A named list with mechanism-specific metadata: requires_rate (logical), requires_test_design (logical), test_design_key (character or NA), print_label (character), print_style (character: "plain", "rate", or "design"), and design_unit (character or NA).


Get a Model Configuration from the Registry (Internal)

Description

Retrieves the configuration for a specified model and validates that it exists.

Usage

get_model_config(model)

Arguments

model

Character string: "1PL", "2PL", or "GRM".

Value

A named list with model-specific functions and metadata.

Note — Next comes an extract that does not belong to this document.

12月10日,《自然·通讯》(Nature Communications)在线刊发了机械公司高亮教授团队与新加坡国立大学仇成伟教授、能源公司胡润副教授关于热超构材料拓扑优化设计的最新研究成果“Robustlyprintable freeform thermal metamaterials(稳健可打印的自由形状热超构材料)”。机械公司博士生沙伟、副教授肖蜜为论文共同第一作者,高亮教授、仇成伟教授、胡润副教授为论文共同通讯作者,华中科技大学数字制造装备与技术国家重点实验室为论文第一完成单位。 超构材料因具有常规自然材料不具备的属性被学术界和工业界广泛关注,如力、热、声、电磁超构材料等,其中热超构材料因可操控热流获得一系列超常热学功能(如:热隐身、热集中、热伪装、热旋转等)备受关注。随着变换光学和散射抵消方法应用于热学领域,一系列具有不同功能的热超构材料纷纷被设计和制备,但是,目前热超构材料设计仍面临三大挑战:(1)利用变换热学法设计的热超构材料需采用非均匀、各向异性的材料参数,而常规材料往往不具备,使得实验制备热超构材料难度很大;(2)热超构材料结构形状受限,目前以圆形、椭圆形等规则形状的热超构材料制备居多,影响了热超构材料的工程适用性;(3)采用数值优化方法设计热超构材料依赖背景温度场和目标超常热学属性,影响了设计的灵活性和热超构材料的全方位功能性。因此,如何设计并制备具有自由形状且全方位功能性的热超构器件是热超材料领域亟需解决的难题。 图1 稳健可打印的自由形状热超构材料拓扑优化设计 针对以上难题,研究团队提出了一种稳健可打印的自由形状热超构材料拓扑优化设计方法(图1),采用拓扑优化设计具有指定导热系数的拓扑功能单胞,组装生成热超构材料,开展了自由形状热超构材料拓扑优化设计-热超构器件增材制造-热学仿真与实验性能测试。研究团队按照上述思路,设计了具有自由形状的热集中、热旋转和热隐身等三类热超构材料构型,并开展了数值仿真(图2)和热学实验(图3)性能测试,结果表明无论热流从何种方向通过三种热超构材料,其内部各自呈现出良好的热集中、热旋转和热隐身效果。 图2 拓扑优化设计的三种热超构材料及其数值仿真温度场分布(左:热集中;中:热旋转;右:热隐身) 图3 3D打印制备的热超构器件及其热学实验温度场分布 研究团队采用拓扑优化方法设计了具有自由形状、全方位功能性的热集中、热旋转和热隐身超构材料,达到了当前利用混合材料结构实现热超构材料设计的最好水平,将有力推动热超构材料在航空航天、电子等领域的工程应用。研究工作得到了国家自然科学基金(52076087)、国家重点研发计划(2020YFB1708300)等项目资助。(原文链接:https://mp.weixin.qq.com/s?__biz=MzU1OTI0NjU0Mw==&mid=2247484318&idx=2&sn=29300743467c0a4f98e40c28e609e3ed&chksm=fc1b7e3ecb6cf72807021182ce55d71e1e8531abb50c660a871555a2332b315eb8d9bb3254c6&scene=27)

Create an IRT Design Specification

Description

Define the data-generating model for an IRT simulation study. This captures decisions 1–3 from the Schroeders & Gnambs (2025) framework: dimensionality, item parameters, and item type.

Usage

irt_design(model, n_items, item_params, theta_dist = "normal", n_factors = 1L)

Arguments

model

Character string specifying the IRT model. One of "1PL", "2PL", or "GRM".

n_items

Positive integer. Number of items in the instrument.

item_params

A named list of item parameters. Contents depend on model:

1PL

b (numeric vector of length n_items). Discrimination is fixed at 1 for all items and added automatically.

2PL

a (discrimination, positive numeric vector or matrix) and b (difficulty, numeric vector), each of length n_items.

GRM

a (discrimination, positive numeric vector) of length n_items and b (threshold matrix, n_items rows by n_categories - 1 columns).

theta_dist

Either a character string ("normal" or "uniform") or a function that takes a single argument n and returns a numeric vector of length n. Defaults to "normal".

n_factors

Positive integer specifying the number of latent factors. Defaults to 1L.

Value

An S3 object of class irt_design (a named list) with elements model, n_items, item_params, theta_dist, and n_factors.

See Also

irt_study() to add study conditions, irt_params_2pl() and irt_params_grm() to generate item parameters.

Examples

# 1PL (Rasch) design with 20 items
design_1pl <- irt_design(
  model = "1PL",
  n_items = 20,
  item_params = list(b = seq(-2, 2, length.out = 20))
)

# 2PL design
design_2pl <- irt_design(
  model = "2PL",
  n_items = 30,
  item_params = list(
    a = rlnorm(30, 0, 0.25),
    b = seq(-2, 2, length.out = 30)
  )
)


Compute Required Monte Carlo Replications

Description

Uses the Burton (2003) formula to determine the minimum number of simulation replications needed to achieve a desired level of Monte Carlo precision.

Usage

irt_iterations(sigma, delta, alpha = 0.05)

Arguments

sigma

Positive numeric. The empirical standard error of the estimand across replications (or a pilot estimate thereof).

delta

Positive numeric. The acceptable Monte Carlo error (half-width of the MC confidence interval for the estimand).

alpha

Numeric in (0, 1). Two-sided significance level. Default 0.05 (i.e., 95 percent MC confidence).

Details

The formula is:

R = \lceil (z_{\alpha/2} \cdot \sigma / \delta)^2 \rceil

where \sigma is the empirical standard error of the estimand, \delta is the acceptable Monte Carlo error, and z_{\alpha/2} is the critical value for the desired confidence level.

Value

An integer: the minimum number of replications.

References

Burton, A., Altman, D. G., Royston, P., & Holder, R. L. (2006). The design of simulation studies in medical statistics. Statistics in Medicine, 25(24), 4279–4292. doi:10.1002/sim.2673

See Also

irt_simulate() for running the simulation with the computed number of replications.

Examples

# How many replications for MC SE of bias < 0.1
# when empirical SE of the estimand is 0.5?
irt_iterations(sigma = 0.5, delta = 0.1)

# Tighter tolerance with 99% MC confidence
irt_iterations(sigma = 0.5, delta = 0.05, alpha = 0.01)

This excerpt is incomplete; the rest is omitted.